Stage 2: Neural Network Architecture

The neural network follows the CMU teacher-student architecture with RuVector enhancements at three critical points.

2a. ModalityTranslator (CSI → Visual Feature Space)

CSI features [B, T*tx*rx, sub]
    │
    ├──amplitude──┐
    │              ├─► Encoder (Conv1D stack, 64→128→256)
    └──phase──────┘         │
                            ▼
              ┌──────────────────────────────┐
              │  ruvector-graph-transformer   │
              │                              │
              │  Treat antenna-pair×time as  │
              │  graph nodes. Edges connect  │
              │  spatially adjacent antenna  │
              │  pairs and temporally        │
              │  adjacent frames.            │
              │                              │
              │  Proof-gated attention:      │
              │  Each layer verifies that    │
              │  attention weights satisfy   │
              │  physical constraints        │
              │  (Fresnel ellipsoid bounds)  │
              └──────────────────────────────┘
                            │
                            ▼
              Decoder (ConvTranspose2d stack, 256→128→64→3)
                            │
                            ▼
              Visual features [B, 3, 48, 48]
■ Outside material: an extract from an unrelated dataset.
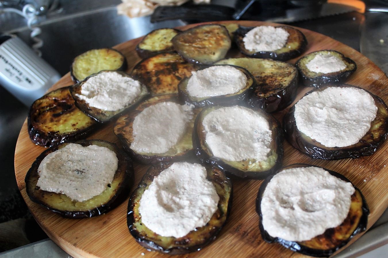 Danach werden die Auberginenscheiben mit der Walnusspaste bestrichen.

RuVector enhancement: Replace standard multi-head self-attention in the bottleneck with ruvector-graph-transformer. The graph structure encodes the physical antenna topology — nodes that are closer in space (adjacent ESP32 nodes in the mesh) or time (consecutive frames) have stronger edge weights. This injects domain-specific inductive bias that standard attention lacks.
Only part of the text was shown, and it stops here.